Dalam mengisi bulan ini, baik juga kalau kita menyisikan kesempatan untuk membaca dan merenungkan Kitab Suci, khususnya dalam keluarga. Ini tentu bukan sesuatu yang baru. Tetapi toh ternyata cukup sulit juga membaca dan merenungkan KS secara sungguh-sungguh. Apalagi melaksanakannya dalam kehidupan nyata setiap hari.

Karena Sabda Tuhan sering menyakitkan.
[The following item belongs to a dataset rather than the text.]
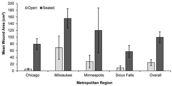 Mean total wound area by treatment and metropolitan region for open (plug-less) and sealed (plug) systems for emerald ash borer (Agrilus planipennis Fairmaire) treatment in green ash (Fraxinus pennsylvanica Marshall) trees. (Bars are SE, F(1, 363) = 17.406, p < 0.001).
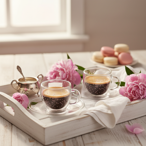 Set of 2 borosilicate coffee cups and saucers with hearts Clouds of fabric

Tapi kalau kita tidak takut untuk masuk ke dalam diri bathin kita sendiri dan memusatkan perhatian pada pada gerak jiwa kita sendiri, kita mengetahui bahwa kita dicintai. Kita bisa mencintai karena kita lahir oleh kasih, kita dapat memberi karena kita hidup dalam anugerah, kita dapat membuat orang lain bebas kalau kita sudah dibebaskan oleh Dia yang hatinya jauh lebih besar dari pada kita.

Sabda Allah bisa mengubah murid-murid yang cemas menjadi sakisi-saksi penuh semangat. Sabda Allah membuat orang menjadi dermawan dan ramah tamah. Sanda Allah memungkinkan kelompok yang tertutup dan picik menjadi terbuka bagi gagasan-gagasan dan pemahaman-pemahaman baru. Siapa pun yang meau memberi perhatian tanpa pamrih, harus kerasan di rumahnya sendiri. Artinya, harus menemukan pusat hidupnya di dalam hati sendiri. Efata, terbukalah.